The Brothers Karamazov


















A Stunning Meditation On The Human Experience This novel is simply the finest novel ever written. The themes are universal, to a degree that they not only hold up over a century later, even for an American reader like myself, but speak directly and prophetically to the chaos and conflict of modern times. Even the great works of Tolstoy - a superb novelist and contemporary of Dostoyevsky's - in spite of their magnificent scope and brilliant historical detail, seem at times dated, dogmatic, and naïve in contrast with the brilliant insight see in The Brothers Karamazov.

As a result of the vast social convulsions in the century since the book's publication, few great 19th century writers are able to reach out to address our current concerns, as well as the universal questions of human existence, in a way that approaches the unflinching honesty and authority of Dostoyevsky.

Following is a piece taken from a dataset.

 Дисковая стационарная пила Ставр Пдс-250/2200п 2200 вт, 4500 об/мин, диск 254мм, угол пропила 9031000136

The father and four brothers in the novel are archetypes, yet so intimately drawn that they walk and breath on the page - and for better and worse, they are people of irrepressible passion - people who confront the moral and social calamity of their times with a remarkable courage and gusto. Even when that passion becomes confused and twisted, or passes into actual depravity, they are never beaten into apathy under the unrelenting bleakness of a collapsing social order and a failing imperial state.

Through what at first glace seems exaggeration, Dostoyevsky paints an engrossing and devastatingly realistic portrait of his times, and he has been accused of exaggeration. He has been accused of being an insufferable romantic - of creating characters that are fantastic - of writing a kind of surrealistic distortion of existence employed for lurid effect. But if one goes through the book line by line it turns out that the opposite is true. It is his unflinching refusal to embellish, or prettify the world his characters inhabit, that gives his work it's disorienting quality.

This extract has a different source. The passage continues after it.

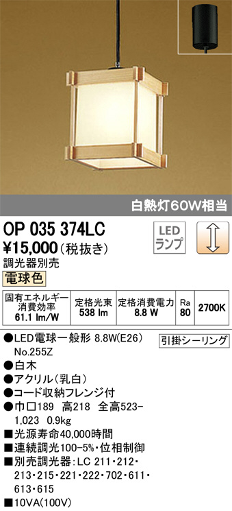 ODELIC ¥ª¡¼¥Ç¥ê¥Ã¥¯ ¥Ú¥ó¥À¥ó¥È¥é¥¤¥È OP035374LC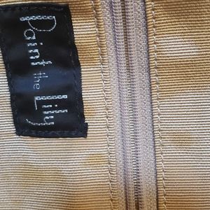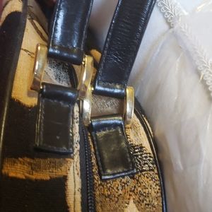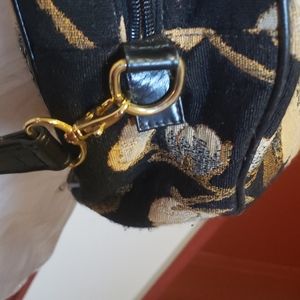 I bought this bag at a AIDS BENEFIT LUNCHEON. I just found it in my closet all tucked away. This shoulder bag has detachable straps two inner compartments, one zippered. Zipper closure on top. Bag is fully lined and could pass for new. Measurement approximately 19 inches X 15 inches. Gold hardware. Paint the Lilly emblem inside of bag and on the handle Paint the Lilly by Nicole Carney.

He forces us to take off our rose-colored glasses, and see his world as he see's it, and this fierce vision is not for everyone; but those able to enter that vision may take away from it an understanding of life's meaning that is unequaled in fiction. Because, in spite of the patricide, the unrelenting grimness, and the omnipresent cold and deprivation that permeate this novel (and much of his other work) Dostoyevsky is determined to leave us with an appreciation of the power and endurance of the human spirit, a renewed vision of the wonder of human life, and finally, a conviction that neither the three surviving brothers nor we ourselves have passed beyond redemption.